ComAgent: Multi-LLM based Agentic AI Empowered Intelligent Wireless Networks
This addresses the bottleneck of automating complex cross-layer optimization in emerging 6G wireless networks, though it appears incremental as an enhancement over existing LLM-based approaches.
The paper tackles the problem of manually translating high-level intents into mathematical formulations for 6G network optimization by introducing ComAgent, a multi-LLM agentic AI framework that achieves expert-comparable performance in beamforming optimization and outperforms monolithic LLMs across wireless tasks.

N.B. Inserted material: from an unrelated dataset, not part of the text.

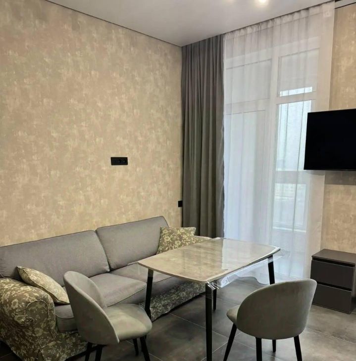 Сдаётся стильная квартира с евроремонтом в современном доме 2022 года постройки. Общая площадь квартиры составляет 31 кв. м, из которых 20 кв. м жилая зона. Квартира расположена на 35 этаже 43-этажного здания, а окна выходят во двор, что обеспечивает тишину и уют. Высокие потолки в 3.1 метра добавляют простора и света.
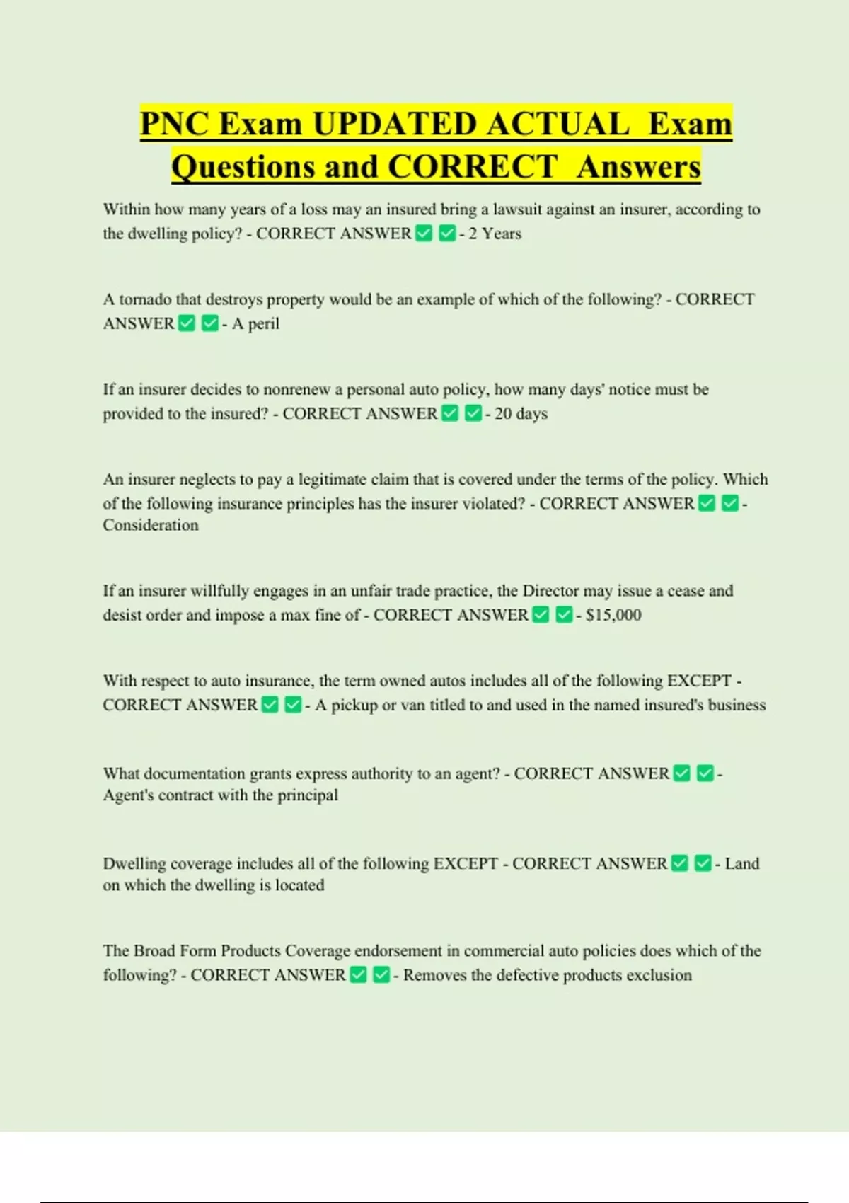PNC Exam UPDATED ACTUAL Exam Questions and CORRECT Answers Within how many years of a loss may an insured bring a lawsuit against an insurer, according to the dwelling policy? - CORRECT ANSWER - 2 Years A tornado that destroys property would be an example of which of the following? - CORRECT ANSWER - A peril If an insurer decides to nonrenew a personal auto policy, how many days' notice must be provided to the insured? - CORRECT ANSWER - 20 days

Emerging 6G networks rely on complex cross-layer optimization, yet manually translating high-level intents into mathematical formulations remains a bottleneck. While Large Language Models (LLMs) offer promise, monolithic approaches often lack sufficient domain grounding, constraint awareness, and verification capabilities. To address this, we present ComAgent, a multi-LLM agentic AI framework. ComAgent employs a closed-loop Perception-Planning-Action-Reflection cycle, coordinating specialized agents for literature search, coding, and scoring to autonomously generate solver-ready formulations and reproducible simulations. By iteratively decomposing problems and self-correcting errors, the framework effectively bridges the gap between user intent and execution. Evaluations demonstrate that ComAgent achieves expert-comparable performance in complex beamforming optimization and outperforms monolithic LLMs across diverse wireless tasks, highlighting its potential for automating design in emerging wireless networks.